# Receiver powered deca without receiver



## nachumk (Feb 26, 2014)

Hi all,

I have DirecTV with a DEC1MR0-01 and DECABB1MR0-01 (I think that's the version of the broadband adapter). This was set up a long time ago where the BB was connected to Comcast and the the DECA was connected to the Receiver. Right after it was hooked up, I hijacked the ethernet from the DECA and connected it to a router to provide wired internet to multiple devices (and not just the receiver). Now I'm cancelling DirecTV, and I no longer have the receiver. I would like to still use this setup. Can this be done? Looks like I need power for the DECA, but is that all I need? I saw that there is a PS18DERO-03 that some people say provides power to the DECA, but the images show a non-coaxial end. Is this what I need?

Thanks,
Nachum


----------



## inkahauts (Nov 13, 2006)

Look closer that is a coaxial female end. And yes, that all you need. Basically a deca module and power for the deca on both ends and you are set.


----------



## harsh (Jun 15, 2003)

As long as you aren't going to cable/OTA, you should be okay. DECA and cable/OTA are NOT compatible.


----------



## peds48 (Jan 11, 2008)

there has been two types of BB DECAs of DECAs. the first generation used a non-coax tip for the power supply. The newer one uses a coax tip for its power supply. Which DECA BB do you have?


----------



## nachumk (Feb 26, 2014)

Thanks for the replies. I'm looking for the PS18DERO-03, but it isn't widely available (only some used ones on ebay). Are there any other alternatives to PS18DERO-03? Or are there other DECA devices that I can use instead (ones that come with power supplies)?


----------



## peds48 (Jan 11, 2008)

nachumk said:


> are there other DECA devices that I can use instead (ones that come with power supplies)?

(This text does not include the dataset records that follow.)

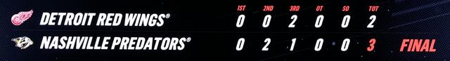 The Red Wings rallied later but to no avail, going down 3-2 to the Nashville Predators on the road.
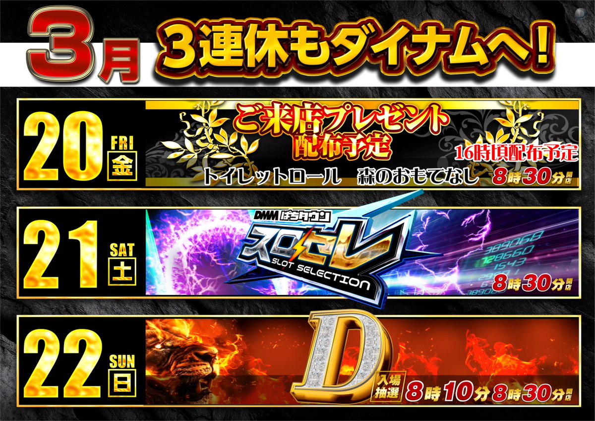 投稿本文: #ダイナム下田町店 です‼️#春分の日 ~の3連休はお近くのダイナムへ⭐20日 ご来店プレゼント⭐⭐21日スロセレは当店 【初・開・催】⭐⭐22日は入場抽選8:10分です⭐ さらに表示
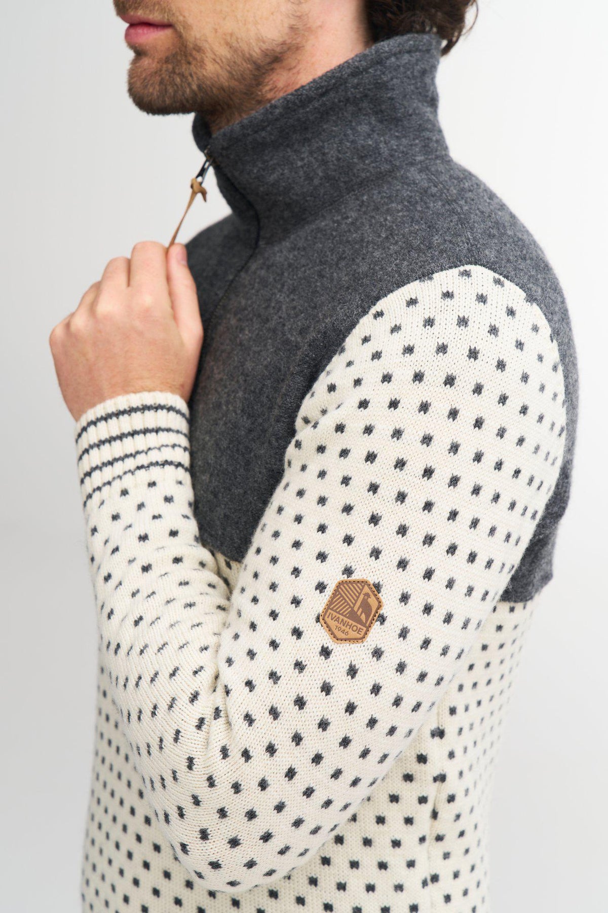 Robuster Pullover mit Reißverschluss und einzigartigem Design, bei dem gewalkte Wolle mit gemusterten Strickteilen kombiniert wird. Das Design hat einen klassischen skandinavischen Touch und wird lange Zeit ein Favorit in Ihrem Kleiderschrank sein.

http://www.solidsignal.com/pview.asp?p=DCAPR0-01&ss=39279


----------



## nachumk (Feb 26, 2014)

$60 for that device . I was hoping for a less expensive solution. It looks like the PS18DERO-03 supplies 18v at .3A. I can buy an adapter to supply this same voltage and amperage, and I can connect the coaxial end to it. Assuming I get all the pieces right, would this work?

Thanks again!
Nachum


----------



## inkahauts (Nov 13, 2006)

Just get it off eBay.


----------



## peds48 (Jan 11, 2008)

nachumk said:


> $60 for that device


When ever we post a link to a product, is not an absolute, this is just a starting point and its up to you to do the "research" if you want to find it cheaper. Pretty much, the links are for "informational" use only


----------



## nachumk (Feb 26, 2014)

Would a standard AC adapter work, when wired to a coaxial connector? Is there something else that would be missing if I did this. (18v .3A)


----------



## Beerstalker (Feb 9, 2009)

Here's the same thing on Amazon for $9.

http://www.amazon.com/DIRECTV-Broadband-Ethernet-Adapter-Generation/dp/B00DVK1ITI/ref=sr_1_1?ie=UTF8&qid=1393527905&sr=8-1&keywords=DECA


----------



## peds48 (Jan 11, 2008)

Beerstalker said:


> Here's the same thing on Amazon for $9.
> 
> http://www.amazon.com/DIRECTV-Broadband-Ethernet-Adapter-Generation/dp/B00DVK1ITI/ref=sr_1_1?ie=UTF8&qid=1393527905&sr=8-1&keywords=DECA


Good find!


----------



## dennisj00 (Sep 27, 2007)

I bought the same thing on eBay a few months ago for $6 with free shipping. They probably fell off the truck somewhere.


----------